12.5. The determinant#

The determinant is like the magnitude of the matrix. The determinant is useful because it helps us to find the inverse of a matrix. A matrix has to be square to be able to calculate it’s determinant e.g. (a 2x2, 3x3 matrix).

To calculate the determinant of a (2x2) matrix, we use the following formula

\[\begin{split}\begin{aligned} \det \begin{pmatrix} a_{11} & a_{12} \\ a_{21} & a_{22} \end{pmatrix} \equiv \begin{vmatrix} a_{11} & a_{12} \\ a_{21} & a_{22} \end{vmatrix} = a_{11}a_{22} - a_{12}a_{21}\, . \end{aligned}\end{split}\]

You should memorise this formula, because you will use it a lot.

An intuitive explanation of the concept of the determinant is given in this video by 3Blue1Brown.

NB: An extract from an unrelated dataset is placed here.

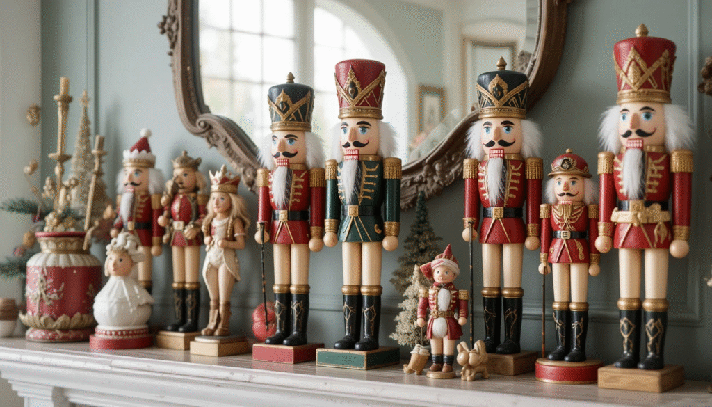 No traditional Christmas decor is complete without nutcracker soldiers and holiday figurines. Place them on mantels, bookshelves, or entryway tables to add a touch of whimsy and nostalgia. Choose wooden nutcrackers in classic red, gold, and green hues to maintain that old-world charm. They instantly elevate your holiday decor and delight both kids and adults alike.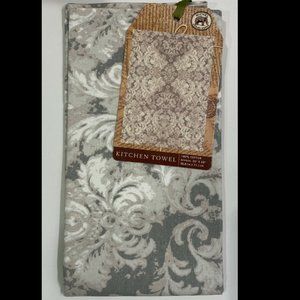 Michel Design Works Kitchen Towel Earl Grey Damask Pattern 20" x 28" 100% Cotton. Has convenient hanging loop and is machine washable.

12.5.1. Matrix cofactors and minor determinants#

Calculating the determinant of a three-dimensional matrix such as;

(12.6)#\[\begin{split}\begin{aligned} A = \begin{pmatrix} a_{11} & a_{12} & a_{13} \\ a_{21} & a_{22} & a_{23} \\a_{31} & a_{32} & a_{33} \end{pmatrix}\, , \end{aligned}\end{split}\]

is more complicated than for a \(2\times 2\) matrix. Let us first introduce two concepts that will help us find the \(3\times 3\) determinant: the minor determinant and the cofactor of a matrix element.

Pick an element \(a_{jk}\) of an \(n\times n\) matrix. It determines a row \(j\) and a column \(k\), namely its position in the matrix. If you remove that row and column, you end up with an \((n-1)\times (n-1)\) matrix. The determinant of this smaller matrix is called the minor determinant corresponding to the element, and we denote it by \(m_{jk}\). To obtain the cofactor of that element, we multiply the minor determinant with a factor \((-1)^{j+k}\). This produces a positive sign when \(j+k\) is even, and a minus sign when \(j+k\) is odd. This looks like a checker (or chess) board:

\[\begin{split}\begin{aligned} \nonumber (-1)^{j+k}:\quad \begin{pmatrix} +&-&+ \\ -&+&- \\ +&-&+ \end{pmatrix}\, . \end{aligned}\end{split}\]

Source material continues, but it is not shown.